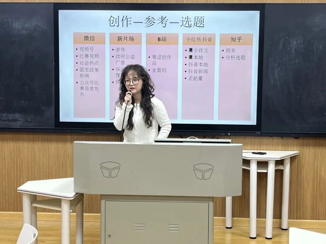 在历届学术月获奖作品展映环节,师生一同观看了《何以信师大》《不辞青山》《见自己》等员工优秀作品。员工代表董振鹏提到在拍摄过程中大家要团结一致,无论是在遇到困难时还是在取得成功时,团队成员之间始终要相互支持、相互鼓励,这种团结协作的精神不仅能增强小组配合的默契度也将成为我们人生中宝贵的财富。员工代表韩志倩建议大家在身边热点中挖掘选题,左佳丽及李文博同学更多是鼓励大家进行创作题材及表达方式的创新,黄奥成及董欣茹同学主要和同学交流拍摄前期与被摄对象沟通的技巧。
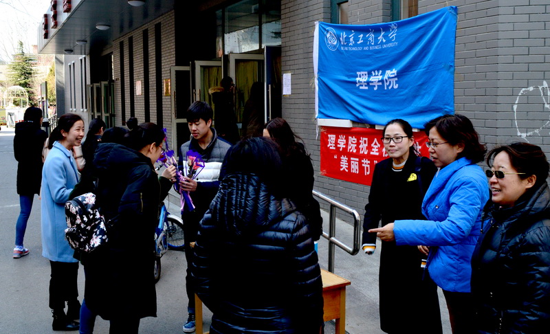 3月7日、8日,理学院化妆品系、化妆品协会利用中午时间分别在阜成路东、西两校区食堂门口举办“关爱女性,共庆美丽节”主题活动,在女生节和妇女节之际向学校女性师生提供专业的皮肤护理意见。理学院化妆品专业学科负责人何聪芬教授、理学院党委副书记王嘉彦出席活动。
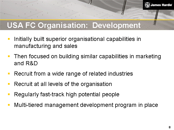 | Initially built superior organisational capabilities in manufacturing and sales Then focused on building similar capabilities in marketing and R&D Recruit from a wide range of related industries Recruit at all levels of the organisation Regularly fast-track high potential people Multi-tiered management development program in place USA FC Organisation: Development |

────────────────

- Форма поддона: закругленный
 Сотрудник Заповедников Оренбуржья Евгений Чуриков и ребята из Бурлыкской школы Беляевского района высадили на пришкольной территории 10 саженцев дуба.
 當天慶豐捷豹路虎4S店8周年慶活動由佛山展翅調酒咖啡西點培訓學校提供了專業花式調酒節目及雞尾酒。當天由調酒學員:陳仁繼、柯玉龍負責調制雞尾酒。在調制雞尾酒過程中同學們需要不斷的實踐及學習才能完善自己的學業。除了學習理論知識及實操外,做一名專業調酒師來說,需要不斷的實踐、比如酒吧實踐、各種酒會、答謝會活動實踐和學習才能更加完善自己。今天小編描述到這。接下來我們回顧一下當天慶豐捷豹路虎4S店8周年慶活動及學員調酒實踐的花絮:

────────────────

DIRECTIONS FOR THIS TASK —
Looking at the data above, write out exactly the lines that start at the one containing "- Форма поддона: закругленный" and end at the one containing "當天慶豐捷豹路虎4S店8周年慶活動由佛山"; include both and nothing beyond.

SOLVED PROBLEM —
- Форма поддона: закругленный
 Сотрудник Заповедников Оренбуржья Евгений Чуриков и ребята из Бурлыкской школы Беляевского района высадили на пришкольной территории 10 саженцев дуба.
 當天慶豐捷豹路虎4S店8周年慶活動由佛山展翅調酒咖啡西點培訓學校提供了專業花式調酒節目及雞尾酒。當天由調酒學員:陳仁繼、柯玉龍負責調制雞尾酒。在調制雞尾酒過程中同學們需要不斷的實踐及學習才能完善自己的學業。除了學習理論知識及實操外,做一名專業調酒師來說,需要不斷的實踐、比如酒吧實踐、各種酒會、答謝會活動實踐和學習才能更加完善自己。今天小編描述到這。接下來我們回顧一下當天慶豐捷豹路虎4S店8周年慶活動及學員調酒實踐的花絮:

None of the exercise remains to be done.